* [WORK ITEM] Each line of the data below must be reproduced without any change.

[Records from a dataset]
※ ※ ※
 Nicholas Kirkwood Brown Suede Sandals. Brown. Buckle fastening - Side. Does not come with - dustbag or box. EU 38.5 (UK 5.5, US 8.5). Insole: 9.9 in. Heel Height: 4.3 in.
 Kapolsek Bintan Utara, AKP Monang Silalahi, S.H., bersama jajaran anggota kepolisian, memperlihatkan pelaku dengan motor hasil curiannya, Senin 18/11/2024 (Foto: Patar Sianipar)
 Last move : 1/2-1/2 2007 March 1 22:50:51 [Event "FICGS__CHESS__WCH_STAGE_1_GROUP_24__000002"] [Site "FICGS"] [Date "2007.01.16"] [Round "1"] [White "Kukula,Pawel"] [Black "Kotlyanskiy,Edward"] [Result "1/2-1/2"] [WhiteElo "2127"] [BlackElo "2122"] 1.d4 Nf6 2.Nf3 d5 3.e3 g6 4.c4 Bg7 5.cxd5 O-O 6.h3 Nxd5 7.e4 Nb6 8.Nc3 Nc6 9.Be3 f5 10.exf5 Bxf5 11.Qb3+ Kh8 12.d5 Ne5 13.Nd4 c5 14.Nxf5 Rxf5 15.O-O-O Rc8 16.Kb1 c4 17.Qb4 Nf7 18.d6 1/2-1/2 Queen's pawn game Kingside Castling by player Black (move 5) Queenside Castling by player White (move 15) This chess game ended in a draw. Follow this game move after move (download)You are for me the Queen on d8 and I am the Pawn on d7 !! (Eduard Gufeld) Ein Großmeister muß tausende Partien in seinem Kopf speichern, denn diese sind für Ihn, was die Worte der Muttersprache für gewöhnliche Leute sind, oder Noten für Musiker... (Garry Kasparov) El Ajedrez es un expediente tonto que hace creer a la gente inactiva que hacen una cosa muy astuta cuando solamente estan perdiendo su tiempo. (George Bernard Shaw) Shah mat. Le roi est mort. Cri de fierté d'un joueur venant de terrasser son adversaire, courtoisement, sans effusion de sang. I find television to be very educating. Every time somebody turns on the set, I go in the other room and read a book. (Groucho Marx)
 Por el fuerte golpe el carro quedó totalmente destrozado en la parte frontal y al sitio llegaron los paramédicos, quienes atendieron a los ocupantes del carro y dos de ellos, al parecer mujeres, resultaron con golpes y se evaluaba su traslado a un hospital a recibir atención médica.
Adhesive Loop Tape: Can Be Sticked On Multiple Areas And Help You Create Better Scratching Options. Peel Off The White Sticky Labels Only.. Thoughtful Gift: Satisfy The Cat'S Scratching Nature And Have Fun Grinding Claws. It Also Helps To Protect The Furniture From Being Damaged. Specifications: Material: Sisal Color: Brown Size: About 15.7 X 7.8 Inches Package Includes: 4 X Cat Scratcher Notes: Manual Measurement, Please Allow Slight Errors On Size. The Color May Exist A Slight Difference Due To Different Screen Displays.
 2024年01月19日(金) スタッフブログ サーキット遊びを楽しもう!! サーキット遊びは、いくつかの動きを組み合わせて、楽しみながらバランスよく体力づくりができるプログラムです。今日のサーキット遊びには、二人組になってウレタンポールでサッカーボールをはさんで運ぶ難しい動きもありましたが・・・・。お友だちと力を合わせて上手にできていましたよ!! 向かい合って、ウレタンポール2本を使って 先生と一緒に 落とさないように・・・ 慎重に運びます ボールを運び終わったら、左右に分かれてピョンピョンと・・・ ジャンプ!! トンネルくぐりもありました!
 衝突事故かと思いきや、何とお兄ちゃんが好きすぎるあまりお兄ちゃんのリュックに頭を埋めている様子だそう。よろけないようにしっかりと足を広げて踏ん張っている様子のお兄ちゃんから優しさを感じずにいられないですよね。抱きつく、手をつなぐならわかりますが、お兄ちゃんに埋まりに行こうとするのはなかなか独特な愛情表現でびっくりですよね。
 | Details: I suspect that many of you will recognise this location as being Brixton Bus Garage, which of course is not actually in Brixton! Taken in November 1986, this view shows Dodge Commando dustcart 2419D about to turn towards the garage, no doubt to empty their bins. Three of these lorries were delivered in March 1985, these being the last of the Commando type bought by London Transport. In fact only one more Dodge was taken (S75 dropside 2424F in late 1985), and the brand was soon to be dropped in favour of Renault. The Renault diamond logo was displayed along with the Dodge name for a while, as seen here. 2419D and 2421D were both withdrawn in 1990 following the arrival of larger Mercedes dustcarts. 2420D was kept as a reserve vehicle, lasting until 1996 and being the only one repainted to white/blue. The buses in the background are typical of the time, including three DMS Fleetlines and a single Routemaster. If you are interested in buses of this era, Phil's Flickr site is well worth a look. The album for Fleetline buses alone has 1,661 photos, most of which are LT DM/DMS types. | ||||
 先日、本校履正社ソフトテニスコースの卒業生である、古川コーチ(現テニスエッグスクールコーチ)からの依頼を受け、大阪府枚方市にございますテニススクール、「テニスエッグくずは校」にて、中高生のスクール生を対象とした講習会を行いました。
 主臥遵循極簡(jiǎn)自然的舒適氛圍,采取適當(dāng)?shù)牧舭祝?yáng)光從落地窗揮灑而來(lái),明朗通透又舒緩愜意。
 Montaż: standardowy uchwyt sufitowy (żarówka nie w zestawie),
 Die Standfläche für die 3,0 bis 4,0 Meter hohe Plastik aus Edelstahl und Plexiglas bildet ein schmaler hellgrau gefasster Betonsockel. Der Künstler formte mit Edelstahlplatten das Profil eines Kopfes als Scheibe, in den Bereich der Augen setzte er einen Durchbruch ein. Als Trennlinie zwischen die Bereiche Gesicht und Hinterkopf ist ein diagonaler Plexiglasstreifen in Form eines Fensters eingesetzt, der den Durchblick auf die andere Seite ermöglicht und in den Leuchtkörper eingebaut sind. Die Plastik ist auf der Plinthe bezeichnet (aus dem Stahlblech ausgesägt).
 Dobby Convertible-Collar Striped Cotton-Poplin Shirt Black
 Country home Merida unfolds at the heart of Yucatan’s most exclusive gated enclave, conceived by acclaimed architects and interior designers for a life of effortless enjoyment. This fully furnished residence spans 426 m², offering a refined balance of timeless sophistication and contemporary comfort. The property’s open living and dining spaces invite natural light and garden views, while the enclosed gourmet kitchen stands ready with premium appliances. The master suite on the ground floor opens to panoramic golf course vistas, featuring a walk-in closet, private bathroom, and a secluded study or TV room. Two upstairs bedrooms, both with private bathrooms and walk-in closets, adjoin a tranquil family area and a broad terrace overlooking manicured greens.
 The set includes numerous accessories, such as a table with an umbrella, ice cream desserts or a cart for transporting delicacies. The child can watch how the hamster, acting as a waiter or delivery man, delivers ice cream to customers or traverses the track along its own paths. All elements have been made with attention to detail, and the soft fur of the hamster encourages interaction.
※ ※ ※
* [SOLUTION]
 Nicholas Kirkwood Brown Suede Sandals. Brown. Buckle fastening - Side. Does not come with - dustbag or box. EU 38.5 (UK 5.5, US 8.5). Insole: 9.9 in. Heel Height: 4.3 in.
 Kapolsek Bintan Utara, AKP Monang Silalahi, S.H., bersama jajaran anggota kepolisian, memperlihatkan pelaku dengan motor hasil curiannya, Senin 18/11/2024 (Foto: Patar Sianipar)
 Last move : 1/2-1/2 2007 March 1 22:50:51 [Event "FICGS__CHESS__WCH_STAGE_1_GROUP_24__000002"] [Site "FICGS"] [Date "2007.01.16"] [Round "1"] [White "Kukula,Pawel"] [Black "Kotlyanskiy,Edward"] [Result "1/2-1/2"] [WhiteElo "2127"] [BlackElo "2122"] 1.d4 Nf6 2.Nf3 d5 3.e3 g6 4.c4 Bg7 5.cxd5 O-O 6.h3 Nxd5 7.e4 Nb6 8.Nc3 Nc6 9.Be3 f5 10.exf5 Bxf5 11.Qb3+ Kh8 12.d5 Ne5 13.Nd4 c5 14.Nxf5 Rxf5 15.O-O-O Rc8 16.Kb1 c4 17.Qb4 Nf7 18.d6 1/2-1/2 Queen's pawn game Kingside Castling by player Black (move 5) Queenside Castling by player White (move 15) This chess game ended in a draw. Follow this game move after move (download)You are for me the Queen on d8 and I am the Pawn on d7 !! (Eduard Gufeld) Ein Großmeister muß tausende Partien in seinem Kopf speichern, denn diese sind für Ihn, was die Worte der Muttersprache für gewöhnliche Leute sind, oder Noten für Musiker... (Garry Kasparov) El Ajedrez es un expediente tonto que hace creer a la gente inactiva que hacen una cosa muy astuta cuando solamente estan perdiendo su tiempo. (George Bernard Shaw) Shah mat. Le roi est mort. Cri de fierté d'un joueur venant de terrasser son adversaire, courtoisement, sans effusion de sang. I find television to be very educating. Every time somebody turns on the set, I go in the other room and read a book. (Groucho Marx)
 Por el fuerte golpe el carro quedó totalmente destrozado en la parte frontal y al sitio llegaron los paramédicos, quienes atendieron a los ocupantes del carro y dos de ellos, al parecer mujeres, resultaron con golpes y se evaluaba su traslado a un hospital a recibir atención médica.
Adhesive Loop Tape: Can Be Sticked On Multiple Areas And Help You Create Better Scratching Options. Peel Off The White Sticky Labels Only.. Thoughtful Gift: Satisfy The Cat'S Scratching Nature And Have Fun Grinding Claws. It Also Helps To Protect The Furniture From Being Damaged. Specifications: Material: Sisal Color: Brown Size: About 15.7 X 7.8 Inches Package Includes: 4 X Cat Scratcher Notes: Manual Measurement, Please Allow Slight Errors On Size. The Color May Exist A Slight Difference Due To Different Screen Displays.
 2024年01月19日(金) スタッフブログ サーキット遊びを楽しもう!! サーキット遊びは、いくつかの動きを組み合わせて、楽しみながらバランスよく体力づくりができるプログラムです。今日のサーキット遊びには、二人組になってウレタンポールでサッカーボールをはさんで運ぶ難しい動きもありましたが・・・・。お友だちと力を合わせて上手にできていましたよ!! 向かい合って、ウレタンポール2本を使って 先生と一緒に 落とさないように・・・ 慎重に運びます ボールを運び終わったら、左右に分かれてピョンピョンと・・・ ジャンプ!! トンネルくぐりもありました!
 衝突事故かと思いきや、何とお兄ちゃんが好きすぎるあまりお兄ちゃんのリュックに頭を埋めている様子だそう。よろけないようにしっかりと足を広げて踏ん張っている様子のお兄ちゃんから優しさを感じずにいられないですよね。抱きつく、手をつなぐならわかりますが、お兄ちゃんに埋まりに行こうとするのはなかなか独特な愛情表現でびっくりですよね。
 | Details: I suspect that many of you will recognise this location as being Brixton Bus Garage, which of course is not actually in Brixton! Taken in November 1986, this view shows Dodge Commando dustcart 2419D about to turn towards the garage, no doubt to empty their bins. Three of these lorries were delivered in March 1985, these being the last of the Commando type bought by London Transport. In fact only one more Dodge was taken (S75 dropside 2424F in late 1985), and the brand was soon to be dropped in favour of Renault. The Renault diamond logo was displayed along with the Dodge name for a while, as seen here. 2419D and 2421D were both withdrawn in 1990 following the arrival of larger Mercedes dustcarts. 2420D was kept as a reserve vehicle, lasting until 1996 and being the only one repainted to white/blue. The buses in the background are typical of the time, including three DMS Fleetlines and a single Routemaster. If you are interested in buses of this era, Phil's Flickr site is well worth a look. The album for Fleetline buses alone has 1,661 photos, most of which are LT DM/DMS types. | ||||
 先日、本校履正社ソフトテニスコースの卒業生である、古川コーチ(現テニスエッグスクールコーチ)からの依頼を受け、大阪府枚方市にございますテニススクール、「テニスエッグくずは校」にて、中高生のスクール生を対象とした講習会を行いました。
 主臥遵循極簡(jiǎn)自然的舒適氛圍,采取適當(dāng)?shù)牧舭祝?yáng)光從落地窗揮灑而來(lái),明朗通透又舒緩愜意。
 Montaż: standardowy uchwyt sufitowy (żarówka nie w zestawie),
 Die Standfläche für die 3,0 bis 4,0 Meter hohe Plastik aus Edelstahl und Plexiglas bildet ein schmaler hellgrau gefasster Betonsockel. Der Künstler formte mit Edelstahlplatten das Profil eines Kopfes als Scheibe, in den Bereich der Augen setzte er einen Durchbruch ein. Als Trennlinie zwischen die Bereiche Gesicht und Hinterkopf ist ein diagonaler Plexiglasstreifen in Form eines Fensters eingesetzt, der den Durchblick auf die andere Seite ermöglicht und in den Leuchtkörper eingebaut sind. Die Plastik ist auf der Plinthe bezeichnet (aus dem Stahlblech ausgesägt).
 Dobby Convertible-Collar Striped Cotton-Poplin Shirt Black
 Country home Merida unfolds at the heart of Yucatan’s most exclusive gated enclave, conceived by acclaimed architects and interior designers for a life of effortless enjoyment. This fully furnished residence spans 426 m², offering a refined balance of timeless sophistication and contemporary comfort. The property’s open living and dining spaces invite natural light and garden views, while the enclosed gourmet kitchen stands ready with premium appliances. The master suite on the ground floor opens to panoramic golf course vistas, featuring a walk-in closet, private bathroom, and a secluded study or TV room. Two upstairs bedrooms, both with private bathrooms and walk-in closets, adjoin a tranquil family area and a broad terrace overlooking manicured greens.
 The set includes numerous accessories, such as a table with an umbrella, ice cream desserts or a cart for transporting delicacies. The child can watch how the hamster, acting as a waiter or delivery man, delivers ice cream to customers or traverses the track along its own paths. All elements have been made with attention to detail, and the soft fur of the hamster encourages interaction.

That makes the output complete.